Sent from my iPad using Goat Forum


----------



## NyGoatMom (Jan 26, 2013)

Awww, how cute


----------



## ksalvagno (Oct 6, 2009)

They are just adorable!


----------



## chelsboers (Mar 25, 2010)

Soo cute!


----------



## J.O.Y. Farm (Jan 10, 2012)

So adorable!


----------



## sweetgoats (Oct 18, 2007)

Congratulations, they are so sweet.


----------



## milk and honey (Oct 31, 2010)

What a good day! New goats! Congrats!


Sent from my iPhone using Goat Forum


----------



## HorsePrerace (Jul 25, 2013)

That is so precious! Congrats to them both.


----------



## Violetmoon (Nov 14, 2013)

The pics are adorable and bless your little girls heart! It's so sad that a lot of kids will never know the pleasure and happiness of being raised with animals. In this day and age They would be the better for it..


----------



## goatygirl (Feb 16, 2013)

Congrats


----------



## iStone57 (Sep 4, 2013)

A blessed child. A family with love for animals! 

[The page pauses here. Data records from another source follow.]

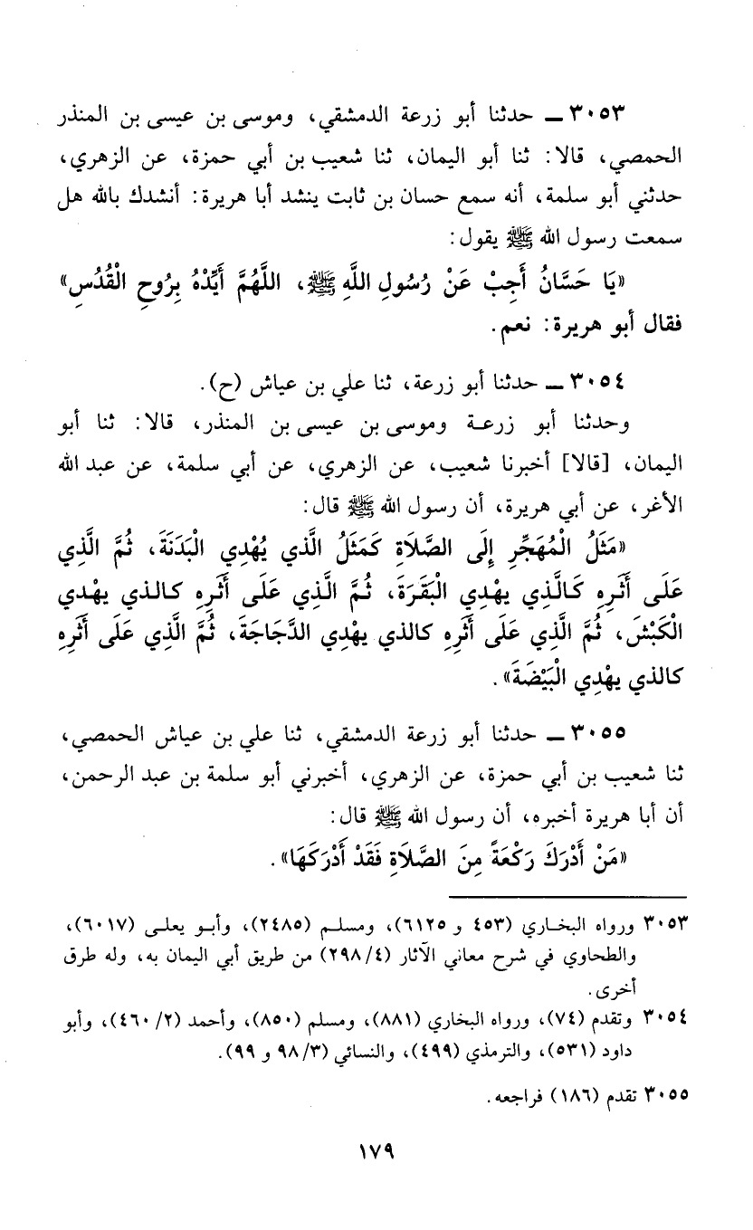 3054 - حَدَّثَنَا أَبُو زُرْعَةَ، ثَنَا عَلِيُّ بْنُ عَيَّاشٍ، ح وَحَدَّثَنَا أَبُو زُرْعَةَ، وَمُوسَى بْنُ عِيسَى بْنِ الْمُنْذِرِ، قَالَا: ثَنَا أَبُو الْيَمَانِ، قَالَا أَخْبَرَنَا شُعَيْبٌ، عَنِ الزُّهْرِيِّ، عَنْ أَبِي سَلَمَةَ، عَنْ عَبْدِ اللَّهِ الْأَغَرِّ، عَنْ أَبِي هُرَيْرَةَ، أَنَّ رَسُولَ اللَّهِ صَلَّى اللهُ عَلَيْهِ وَسَلَّمَ قَالَ: §«مَثَلُ الْمُهَجِّرِ إِلَى الصَّلَاةِ كَمَثَلِ الَّذِي يَهْدِي الْبَدَنَةَ، ثُمَّ الَّذِي عَلَى أَثَرِهِ كَالَّذِي يَهْدِي الْبَقَرَةَ، ثُمَّ الَّذِي عَلَى أَثَرِهِ كَالَّذِي يَهْدِي الْكَبْشَ، ثُمَّ الَّذِي عَلَى أَثَرِهِ كَالَّذِي يَهْدِي الدَّجَاجَةَ، ثُمَّ الَّذِي عَلَى أَثَرِهِ كَالَّذِي يَهْدِي الْبَيْضَةَ»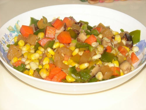 冬菇切粒(5-10朵) / 玉米剥粒(1条) / 青椒切粒(1-2个) / 菜圃切粒(10条左右)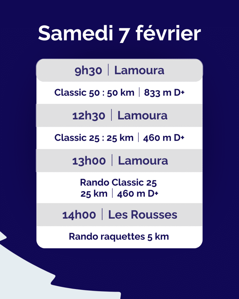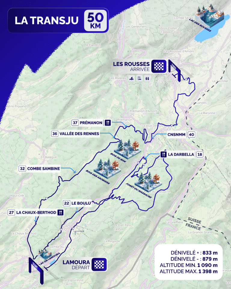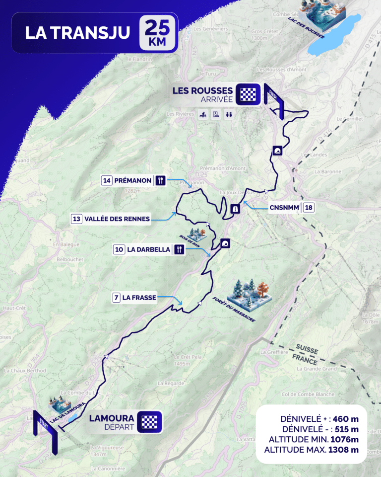 Grâce à un bon enneigement et au travail des équipes terrain les différents massifs, La Transju’ 2026 aura lieu entre Lamoura et Les Rousses, avec un parcours linéaire allant de 50 à 56 km. Ce parcours avait déjà été proposé pour l’édition 2023. Des précipitations sont annoncées tout au long de la semaine avec des chutes de neige mêlées à de la pluie. Cette situation ne nous permet malheureusement pas de proposer le parcours originel de La Transjurassienne de 70 km.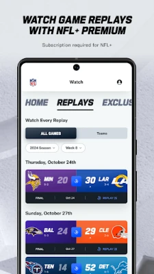 - Relive gameday with game replays including full, condensed, and All-22 coaches' films across devices, all ad-free.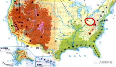 美国山川河流图、红圈为事发地

Sent from my iPod touch using Goat Forum


----------



## margaret (Aug 30, 2013)

Looks like she loves her goat!
I was about that age when my family got our first goats, they are wonderful animals.


----------



## lemuckleys (Feb 1, 2013)

We have six children from age 15 to 5, and they all participate in the care, joy, and education that comes with our animals. We hatch chicks in their classrooms, and they all know how to raise a chicken up to slaughter, and all six participate in butchering. They've all been present and helped deliver goat kids...they all cried with me when we lost a doe and her kid last fall, and all witnessed us trying to pull the kid without success. The respect they've gained for animals, for their food, and for life in general has been a remarkable thing to see. I grew up on a dairy farm, and I'm so pleased that we can offer our children the same experiences.


Sent from my iPad using Goat Forum


----------



## margaret (Aug 30, 2013)

That is awesome! Me and my 6 siblings live on a farm and participate in a lot of farm life. It is good to learn when you are young


----------



## FriendlyFainterFarm (Mar 2, 2014)

Congratulations on the new goats! :hi5:


----------



## LuvMyNigies (Sep 14, 2013)

Congratulations! Sooo cute!


----------



## Mamaboyd (Oct 10, 2013)

What lovely babies you found! (and fainters to boot ) Your daughter looks so happy! My almost 8 yr old who wants to be a farmer when he grows up, can't wait to name our first fainter kid born "Finnigan" if it's a boy. He loves helping out with the farm chores etc.


----------